No entanto, vale ressaltar que, conforme o Código Civil, a idade mínima para que haja permissão de casamento, no Brasil, é de 18 anos. Caso tenha 16 anos, ou mais, é necessário autorização dos pais ou responsáveis.

Ainda que os indígenas sejam menos de 1,7% da população sul-mato-grossense, conforme o IBGE (Instituto Brasileiro de Geografia e Estatística), as crianças indígenas que tiveram filho com 14 anos, ou menos, representam cerca de 21,8% do total. O restante é dividido entre pardas (54,6%), brancas (21,6%) e pretas (1,6%).

Aproximadamente 73% das gestações duraram entre 37 a 41 semanas, enquanto 21% tiveram 36 semanas ou menos. Quase metade (48%) não teve acompanhamento pré-natal considerado, ao menos, adequado.

Gravidez na adolescência - Caso divulgado pelo jornal The Intercept Brasil, na última segunda-feira (20), reacendeu a questão da gravidez na adolescência. De acordo com a reportagem, no dia 4 de maio, uma menina de 11 anos, vítima de estupro, teve o aborto legal negado pelo Hospital Universitário Polydoro Ernani de São Thiago, em Florianópolis (SC).

Dias depois, a juíza Joana Ribeiro Zimmer e promotora Mirela Dutra Alberton, que eram responsáveis pela investigação do estupro, pediram para a menina manter a gestação por mais “uma ou duas semanas”, para aumentar a sobrevida do feto, além de proibir a realização do aborto.

Uma decisão da magistrada chegou a manter a menina em um abrigo público, longe da família. Ontem (21), no entanto, o TJSC (Tribunal de Justiça de Santa Catarina ) determinou sua saída do abrigo e o retorno para a guarda mãe.

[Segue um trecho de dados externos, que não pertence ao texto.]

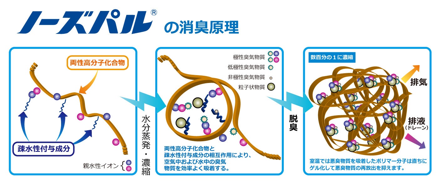消臭成分の主剤であるポリマーの分子内に悪臭成分を吸着・捕捉することでニオイ成分を確実にとらえて、臭わない環境を提供します。さらには疎水性低分子化合物を組み合わせ、空中・水中の臭気成分をより効率良く吸着させることに成功しました。
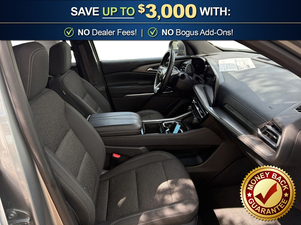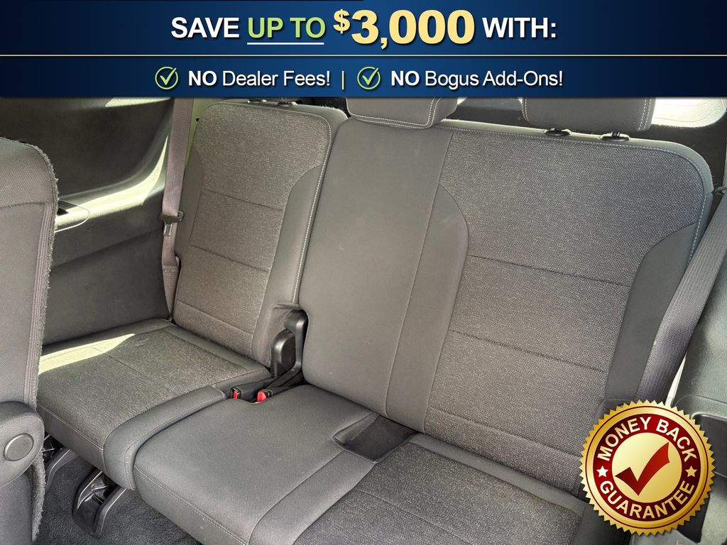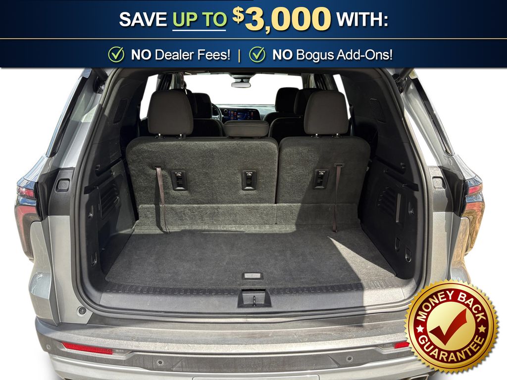 3rd row seats: split-bench, 4-Way Manual Front Passenger Seat Adjuster, 4-Wheel Disc Brakes, 6 Speakers, 6-Speaker Audio System Feature, 8-Way Power Driver Seat Adjuster, ABS brakes, Air Conditioning, Alloy wheels, AM/FM radio: SiriusXM with 360L, Apple CarPlay/Android Auto, Auto High-beam Headlights, Automatic temperature control, Brake assist, Bumpers: body-color, Compass, Delay-off headlights, Driver 4-Way Power Lumbar Seat Adjuster, Driver door bin, Driver vanity mirror, Dual front impact airbags, Dual front side impact airbags, Electronic Stability Control, Emergency communication system, Exterior Parking Camera Rear, Four wheel independent suspension, Front anti-roll bar, Front Bucket Seats, Front Center Armrest, Front dual zone A/C, Front reading lights, Fully automatic headlights, Heated door mirrors, Heated front seats, Heated steering wheel, Illuminated entry, Low tire pressure warning, Navigation System, Occupant sensing airbag, Outside temperature display, Overhead airbag, Overhead console, Panic alarm, Passenger door bin, Passenger vanity mirror, Power door mirrors, Power driver seat, Power Liftgate, Power steering, Power windows, Preferred Equipment Group 1LT, Premium Cloth Seat Trim, Radio data system, Radio: 17.7" Diagonal Display, Rear air conditioning, Rear anti-roll bar, Rear reading lights, Rear window defroster, Rear window wiper, Remote keyless entry, Security system, SiriusXM w/360L, Speed control, Speed-sensing steering, Spoiler, Steering wheel mounted audio controls, Tachometer, TBD Axle Ratio, Telescoping steering wheel, Tilt steering wheel, Traction control, Trip computer, Turn signal indicator mirrors, Variably intermittent wipers, Voltmeter, Wheels: 18" Grazen Metallic Machined-Face Aluminum.
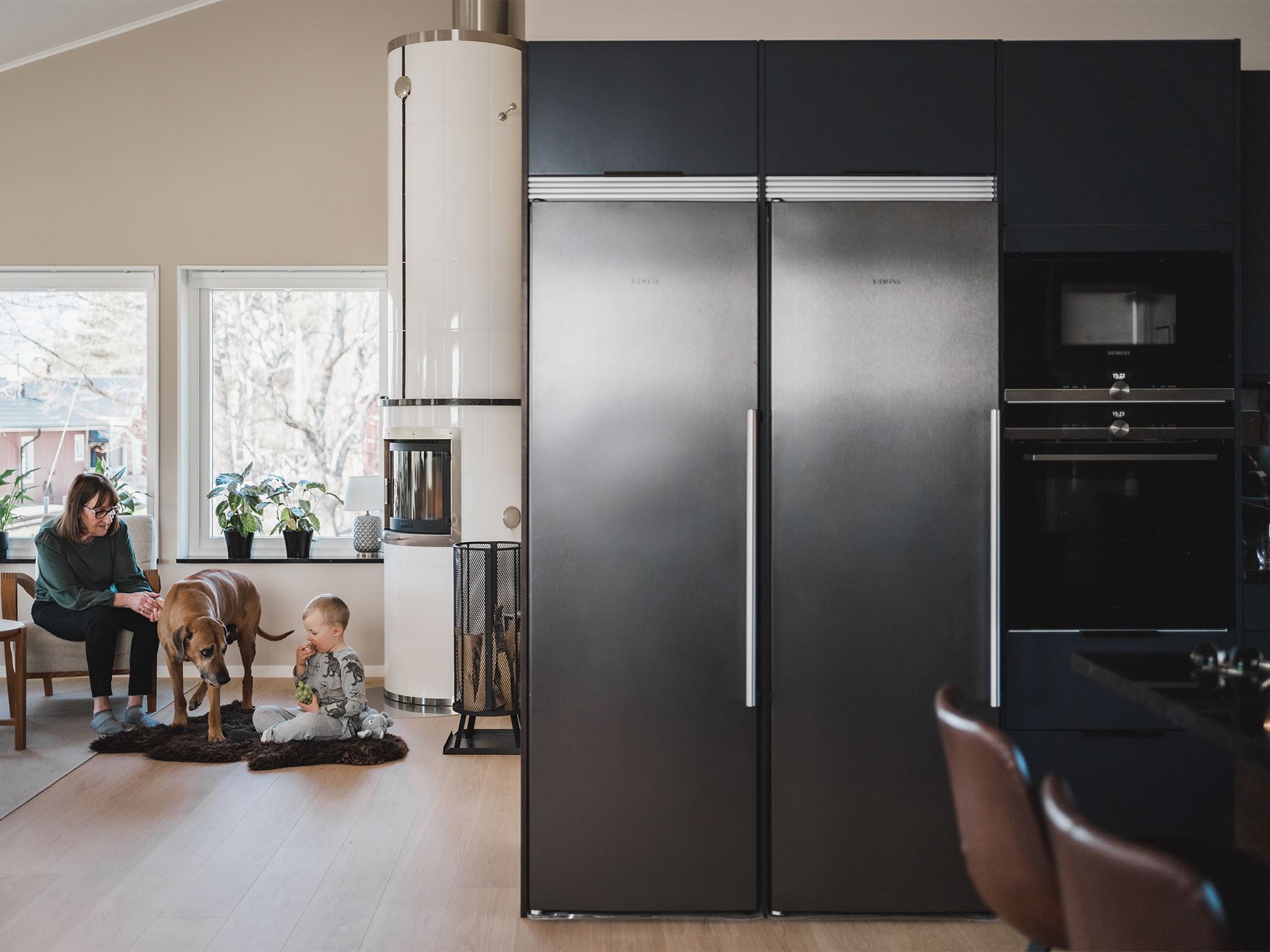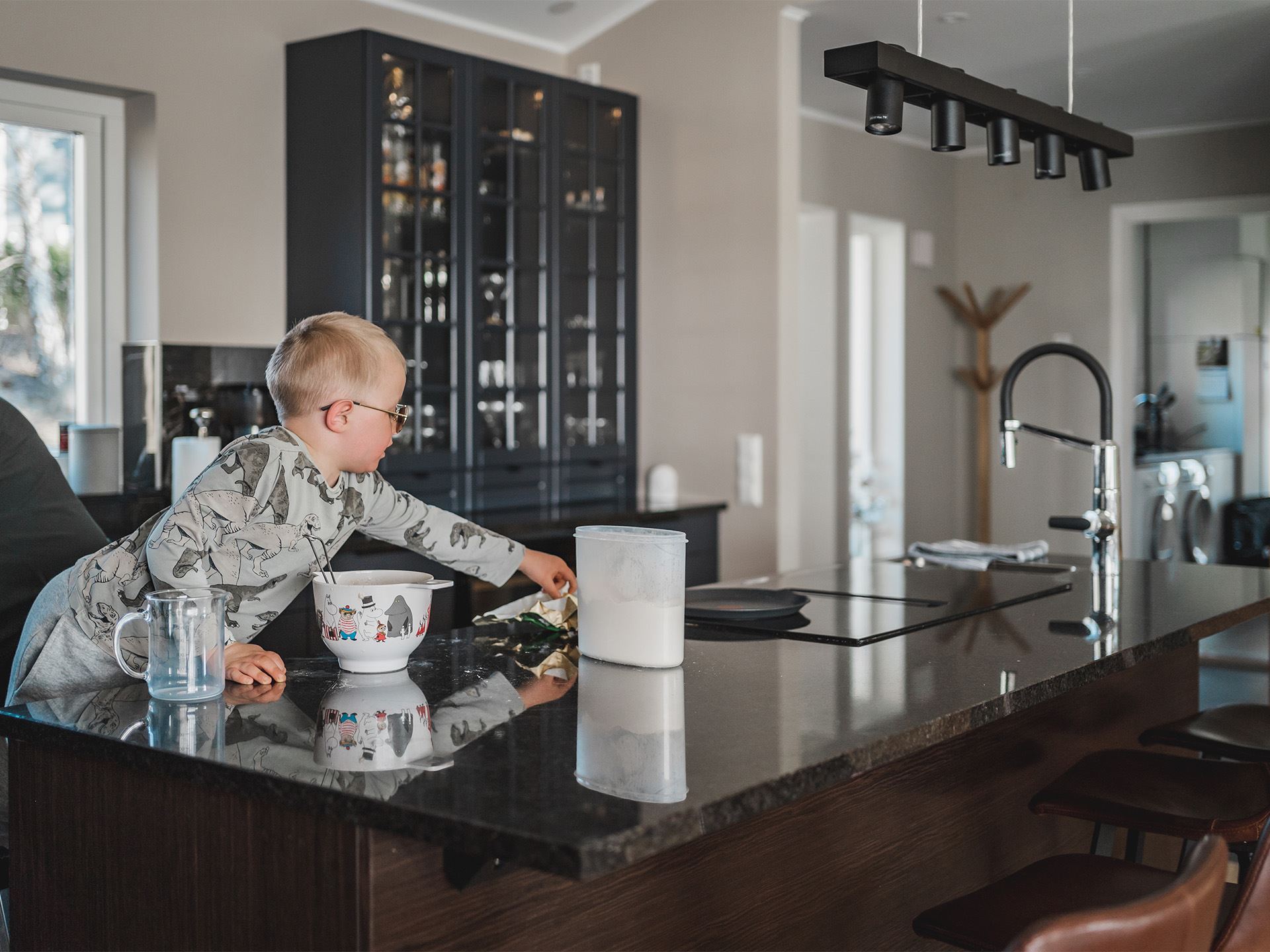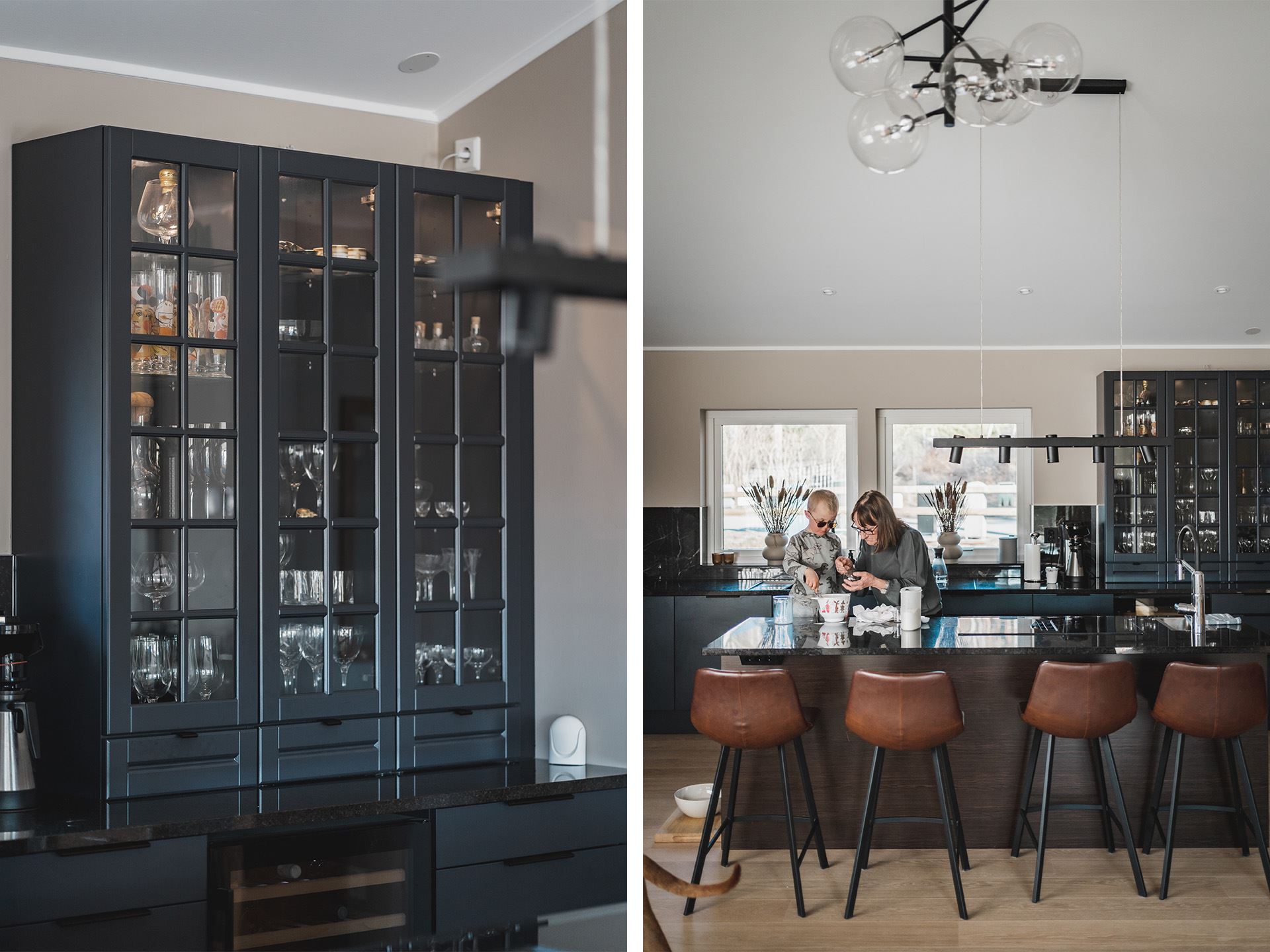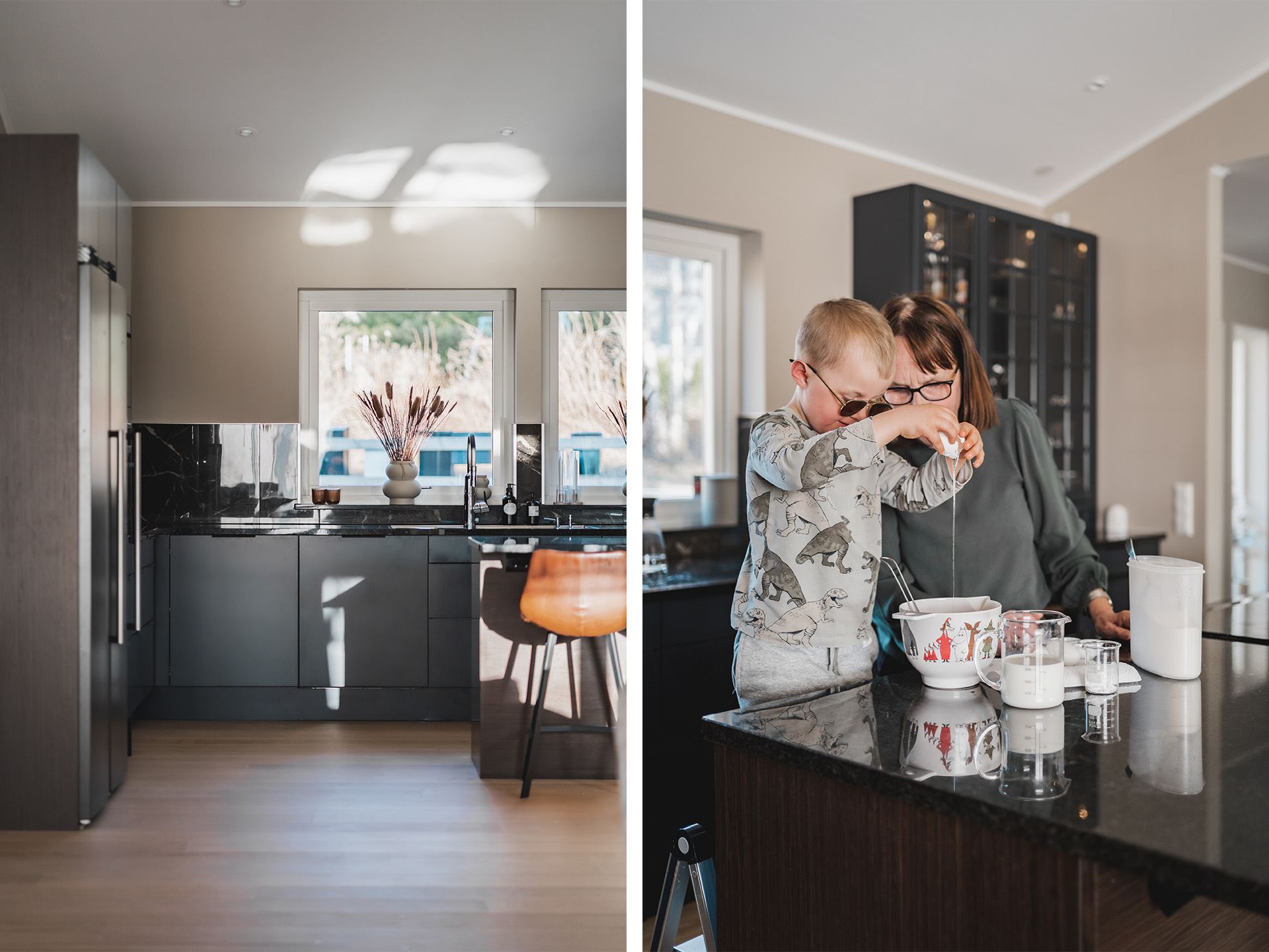 Kerstins favoritdel i huset är köket och det märks att hon fått bestämma kring utrymmet. På hennes önskelista fanns ett stort kök med stenbänk, bra ytor för matlagning och bakning. Bakning verkar nämligen stå på schemat titt som tätt och Kerstin berättar att även de äldre barnbarnen ibland ringer och frågar om de får komma över och baka bullar.

Após a repercussão do caso, a juíza Joana Ribeiro Zimmer foi afastada do caso. Em nota, o TJSC informou que a Corregedoria abriu um procedimento investigatório sobre a condução do processo. Juíza e promotora envolvidas no caso disseram que não iriam se pronunciar.

O MPF (Ministério Público Federal) de Santa Catarina começou a investigar atuação da unidade hospitalar, que alega ser possível prosseguir com o aborto legal apenas por meio de decisão judicial, passadas 20 semanas de gestação.Campo Grande News - Conteúdo de Verdade

No entanto, segundo o MPF, o aborto legal - quando em casos de violência sexual -, não requer qualquer autorização judicial ou comunicação policial, assim como não existem, na legislação, limites relacionados à idade gestacional e ao peso fetal para a realização do procedimento.